Richards longtime activist

``Ginger Rogers did everything Fred Astaire did, only backwards and in high heels.'' So says Ann Richards, a former Dallas housewife who in 1982 took over what one observer called a ``quill pen'' Texas treasury and brought it into the age of computerized money management.

Ms. Richards grew up outside Waco, Texas, living, as she describes it, ``on the lower edge of middle class.'' Her rural upbringing, in a strong work-ethic setting as the nation pulled out of the depression, ``shaped my feelings and thinking very much,'' she says. So did a father who told her she could accomplish whatever she wanted.

After teaching to help put her husband through law school, Richards settled into raising four children. But she wasn't too settled.

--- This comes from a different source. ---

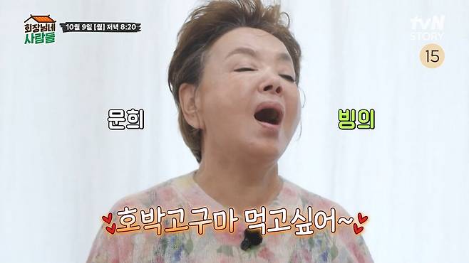 '회장님네 사람들' 출연진 김수미는 나문희를 빙의하며 "'호박고구마' 먹고 싶어"라고 말한다.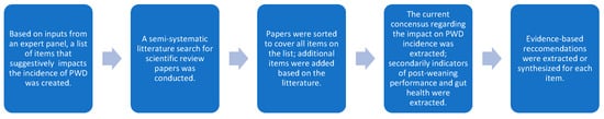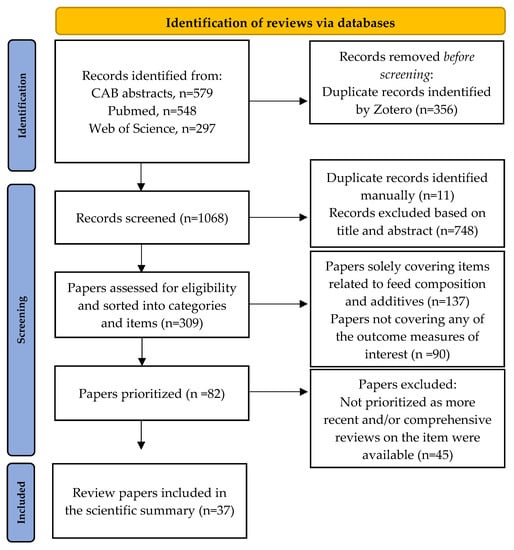Thematically, reviews of the association and causation between a given item and the occurrence of PWD was given primary priority, and secondarily, reviews of other health- and/or performance-related outcomes, such as growth performance or feed intake, as well as measures of gut health, e.g., enteric histological, immunological and microbiological measures, were included.

In Dallas she took part in Democratic causes. In the '70s, after moving to Austin, she helped elect women to the Texas Legislature.

In 1976 she tossed her own hat into the political ring, winning a seat as a county commissioner. Six years later she became the first woman in Texas history (who wasn't running as her husband's successor) to win a statewide race. She has her sights set on the governor's seat in 1990.

Richards has often credited her years in the home with providing her the budgetary and organizational skills she needs to run a bureaucracy and keep the state's books in order. The latter is no trickier than balancing the family checkbook, she says: It just involves more zeroes after the numbers.